On 03.07.2024 16:15, Rodrigo Vivi wrote:
> On Thu, Jun 27, 2024 at 03:27:56PM +0000, Souza, Jose wrote:
>> On Thu, 2024-06-27 at 16:42 +0200, Michal Wajdeczko wrote:
>>>
>>> On 27.06.2024 15:53, Souza, Jose wrote:
>>>> On Wed, 2024-06-26 at 23:18 +0200, Michal Wajdeczko wrote:
>>>>>
>>>>> On 26.06.2024 22:35, Souza, Jose wrote:
>>>>>> On Wed, 2024-06-26 at 22:12 +0200, Michal Wajdeczko wrote:
>>>>>>> From: John Harrison <John.C.Harrison at Intel.com>
>>>>>>>
>>>>>>> Including line feeds at the start of a debug print messes up the
>>>>>>> output when sent to dmesg. The break actually appears between all the
>>>>>>> usefu prefix information and the actual string being printed. In this
>>>>>>> case, each block of data has a very clear start line and an extra
>>>>>>> delimeter is really not necessary. So don't do it.
>>>>>>
>>>>>> I guess the indention was to have one blank like between guc_ctb_snapshot_print() 'cmd[X]' lines and 'G2H CTB (all sizes in DW):'.

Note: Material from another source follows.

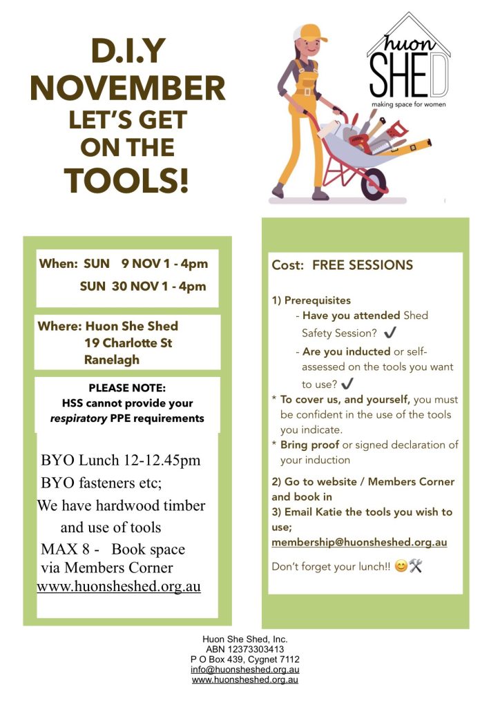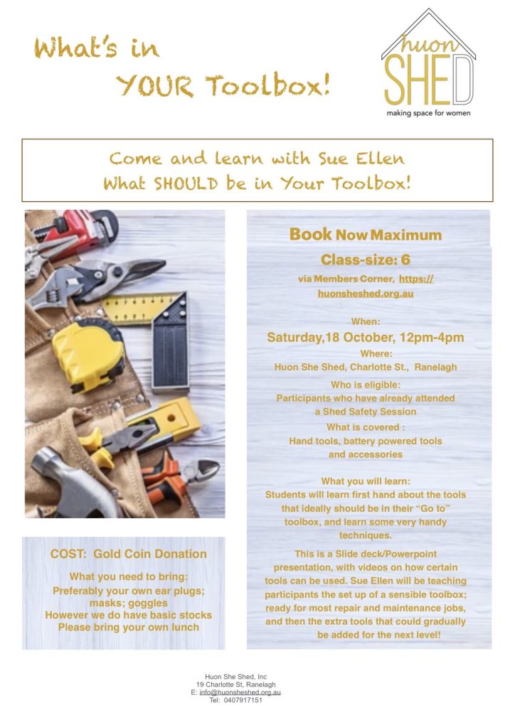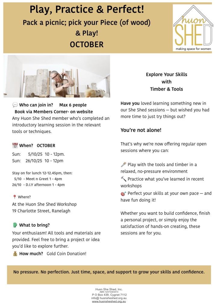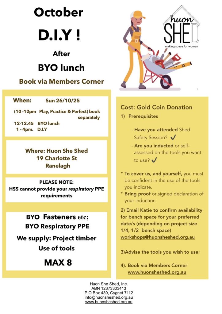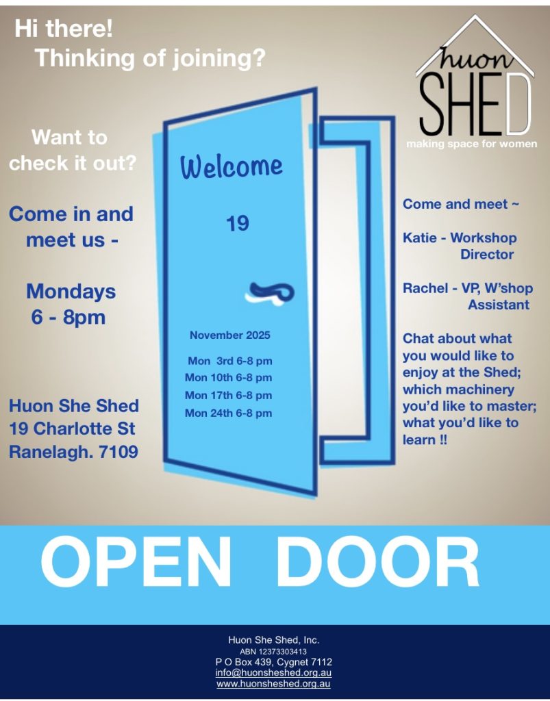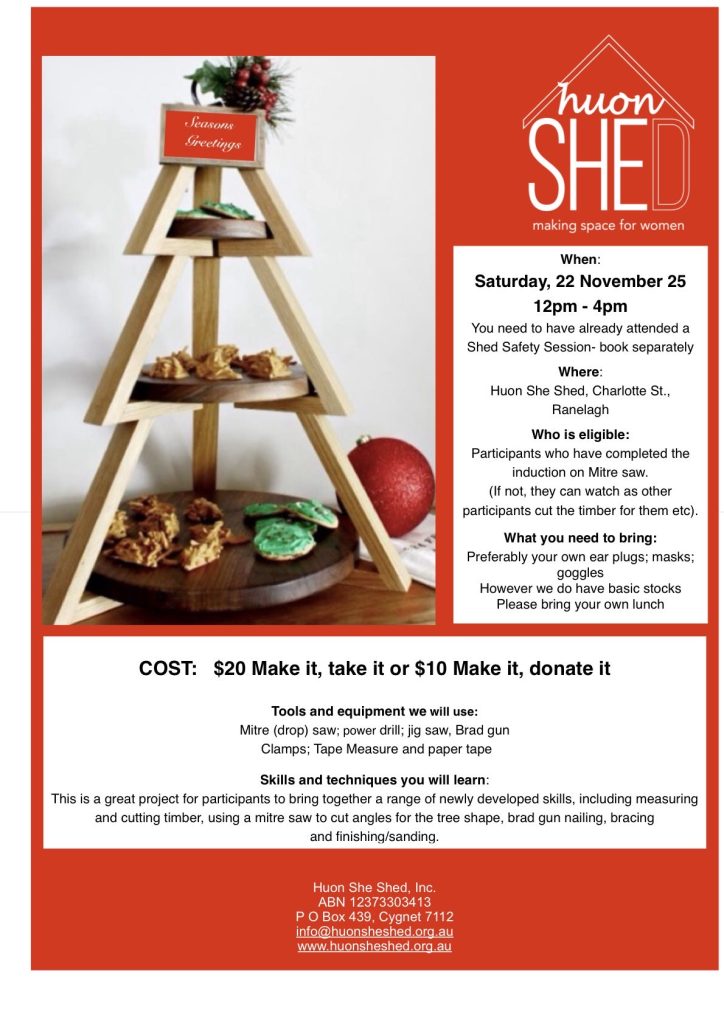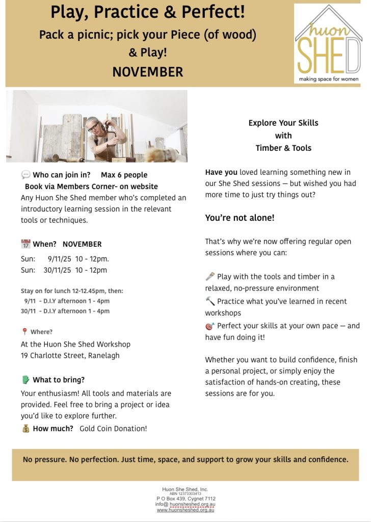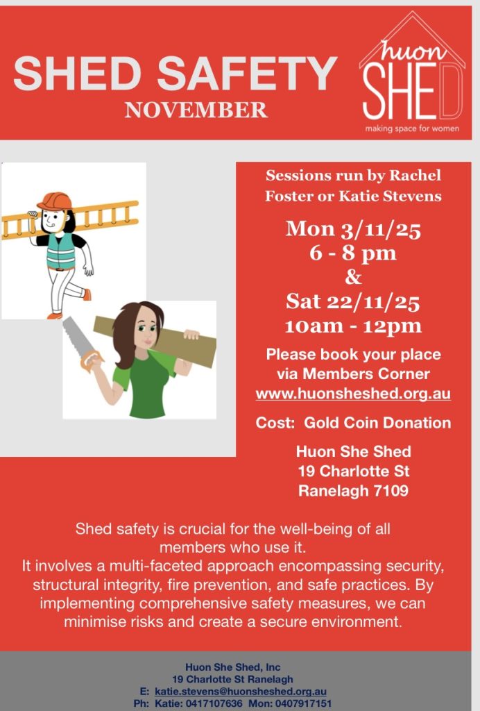 The Huon She Shed Inc. is a non-profit organisation that aims to provide a safe, inclusive environment for woman of all ages, backgrounds, identities and capabilities where they can gather and learn basic building, metal working and wood working skills.

>>>>>> I agree with the change if you add one line breaker in the end of guc_ctb_snapshot_print().
>>>>>
>>>>> but 'cmd[XXX]' lines already have additional indent compared to 'H2G|G2H
>>>>> CTB' headers so IMO this extra separation line seems unnecessary:
>>>>>
>>>>> [ ] xe 0000:4d:00.1: [drm] *ERROR* GT0: TLB invalidation time'd out,
>>>>> seqno=27, recv=26
>>>>> [ ] xe 0000:4d:00.1: [drm] *ERROR* GT0: H2G CTB (all sizes in DW):
>>>>> [ ] xe 0000:4d:00.1: [drm] *ERROR* GT0:      size: 1024
>>>>> [ ] xe 0000:4d:00.1: [drm] *ERROR* GT0:      resv_space: 0
>>>>> [ ] xe 0000:4d:00.1: [drm] *ERROR* GT0:      head: 0
>>>>> [ ] xe 0000:4d:00.1: [drm] *ERROR* GT0:      tail: 572
>>>>> [ ] xe 0000:4d:00.1: [drm] *ERROR* GT0:      space: 451
>>>>> [ ] xe 0000:4d:00.1: [drm] *ERROR* GT0:      broken: 0
>>>>> [ ] xe 0000:4d:00.1: [drm] *ERROR* GT0:      head (memory): 568
>>>>> [ ] xe 0000:4d:00.1: [drm] *ERROR* GT0:      tail (memory): 572
>>>>> [ ] xe 0000:4d:00.1: [drm] *ERROR* GT0:      status (memory): 0x0
>>>>> [ ] xe 0000:4d:00.1: [drm] *ERROR* GT0:      cmd[568]: 0x80670003
>>>>> [ ] xe 0000:4d:00.1: [drm] *ERROR* GT0:      cmd[569]: 0x20007000
>>>>> [ ] xe 0000:4d:00.1: [drm] *ERROR* GT0:      cmd[570]: 0x0000001b
>>>>> [ ] xe 0000:4d:00.1: [drm] *ERROR* GT0:      cmd[571]: 0x80000003
>>>>> [ ] xe 0000:4d:00.1: [drm] *ERROR* GT0: G2H CTB (all sizes in DW):
>>>>> [ ] xe 0000:4d:00.1: [drm] *ERROR* GT0:      size: 4096
>>>>> [ ] xe 0000:4d:00.1: [drm] *ERROR* GT0:      resv_space: 1024
>>>>> [ ] xe 0000:4d:00.1: [drm] *ERROR* GT0:      head: 210
>>>>> [ ] xe 0000:4d:00.1: [drm] *ERROR* GT0:      tail: 0
>>>>> [ ] xe 0000:4d:00.1: [drm] *ERROR* GT0:      space: 3068
>>>>> [ ] xe 0000:4d:00.1: [drm] *ERROR* GT0:      broken: 0
>>>>> [ ] xe 0000:4d:00.1: [drm] *ERROR* GT0:      head (memory): 210
>>>>> [ ] xe 0000:4d:00.1: [drm] *ERROR* GT0:      tail (memory): 210
>>>>> [ ] xe 0000:4d:00.1: [drm] *ERROR* GT0:      status (memory): 0x0
>>>>> [ ] xe 0000:4d:00.1: [drm] *ERROR* GT0:      g2h outstanding: 1
>>>>>
>>>>> and IMO printing empty lines is just a waste of paper ;)
>>>>
>>>> This same function is called during gpu hang capture(devcoredump) and the output of that file has new lines between sections for better reading.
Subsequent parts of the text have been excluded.